3. Find your ‘Magic Market Graph.’ How do you know you are going to get the sales you think you are? Replace as many assumptions as you can with evidence. Your sales are good, but with investment comes the requirement of return — so why is it that you are going to grow? For me, in my water companies, there is a well-known data point that shows a graph of the diverging demand over supply globally for the next 35 years. Find your version of this. And add details. More on this in my book too.


4. Who’s money, is it? Get your stakeholders’ expectations aligned. Both as the money lands and also where it’s being invested, and when it starts to pile up, where is it going? It’s amazing to me how this is not answered for companies/startups and is a reason cash burn happens. Let’s prevent cash fires!

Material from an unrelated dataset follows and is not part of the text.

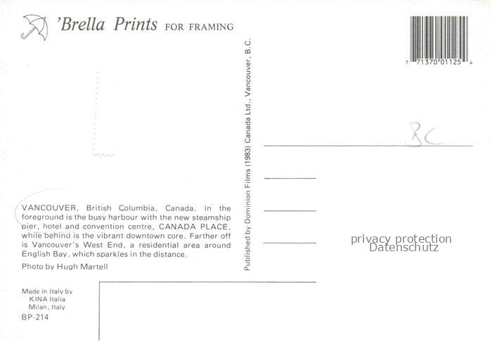 74091424 VANCOUVER BC Canada Harbour Hotel and Convention Centre Canada Place Fliegeraufnahme postalisch nicht gelaufen Erhaltung siehe scans [WerneD78] KatCode: 14110

5. If you can’t make it work on paper, it’s unlikely you’re going to make it work in reality. In fact, I say, do not go forward if paper doesn’t work. This means running a complete set of financial statements complete with investments and into the future at least 5 years. So many in the professional world think five years is over kill, its not. You need to simulate when your assets are going to be replaced and demonstrate that your business is robust enough to replace them, pay the creditors, and get you a return. It’s an easy mistake to unconsciously show a robust plan, but not account for asset replacement. In fact, a ten-year horizon is good just for this reason. A longer horizon also pushes you to account for your human resources plan at an earlier stage: this way you’re proactive in these investments, not reactive.

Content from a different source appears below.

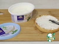 Затем намазать булочки творожным сыром (сливочным или грибным). |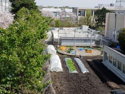 砧中学校の屋上。そこには農園があります。農業部の生徒たちの活動拠点。季節に応じて様々な農作物を収穫しています。全国農業コンクールで何度も受賞実績のある農業部(2年前はグランプリも受賞)。緑豊な砧中学校の一風景です。

In ‘Funding Your Future — Beyond Banks’ I discuss how you test this to ensure all stakeholders are accounted for and run various futures that might happen. It's more than best/expected/worse cash. You must cover all requirements. The devil lives in your assumptions. Work very hard to back up assumptions with evidence from reality. And if you cannot, then establish a clear and realistic casual activity that will drive the result dependent on the assumption.